METHODS:HL-60/ADM cells in logarithmic growth phase were treated with different concentrations of atorvastatin, then the cell proliferation activity was measured by CCK-8 assay, the apoptosis was detected by flow cytometry, the glycolytic activity was checked by glucose consumption test, and the protein expressions of PTEN, p-mTOR, PKM2, HK2, P-gp and MRP1 were detected by Western blot. After transfection of PTEN-siRNA into HL-60/ADM cells, the effects of low expression of PTEN on atorvastatin regulating the behaviors of apoptosis and glycolytic metabolism in HL-60/ADM cells were further detected.

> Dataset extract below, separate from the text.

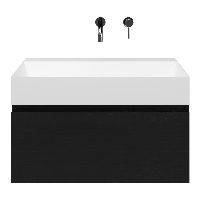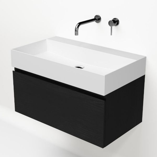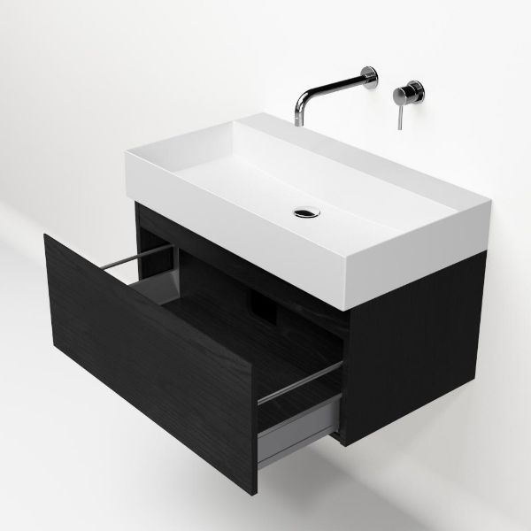 | | Bellanti Solo/Azzurra badmeubel 80x46 1 softclose lade mat zwart eiken greeploos keramische wastafel wit mat zonder kraangaten |

RESULTS:CCK-8 results showed that atorvastatin could inhibit the proliferation of HL-60/ADM cells in a concentration-dependent and time-dependent manner (r=0.872, r=0.936), and the proliferation activity was inhibited most significantly when treated with 10 μmol/L atorvastatin for 24 h, which was decreased to (32.3±2.18)%. Flow cytometry results showed that atorvastatin induced the apoptosis of HL-60/ADM cells in a concentration-dependent manner (r=0.796), and the apoptosis was induced most notably when treated with 10 μmol/L atorvastatin for 24 h, which reached to (48.78±2.95)%. The results of glucose consumption test showed that atorvastatin significantly inhibited the glycolytic activity of HL-60/ADM cells in a concentration-dependent and time-dependent manner (r=0.915, r=0.748), and this inhibition was most strikingly when treated with 10 μmol/L atorvastatin for 24 h, reducing the relative glucose consumption to (46.53±1.71)%. Western blot indicated that the expressions of p-mTOR, PKM2, HK2, P-gp and MRP1 protein were decreased in a concentration-dependent manner (r=0.737, r=0.695, r=0.829, r=0.781, r=0.632), while the expression of PTEN protein was increased in a concentration-dependent manner (r=0.531), when treated with different concentrations of atorvastatin for 24 h. After PTEN-siRNA transfected into HL-60/ADM cells, it showed that low expression of PTEN had weakened the promoting effect of atorvastatin on apoptosis and inhibitory effect on glycolysis and multidrug resistance.
CONCLUSION:Atorvastatin can inhibit the proliferation, glycolysis, and induce apoptosis of HL-60/ADM cells. It may be related to the mechanism of increasing the expression of PTEN, inhibiting mTOR activation, and decreasing the expressions of PKM2 and HK2, thus reverse drug resistance.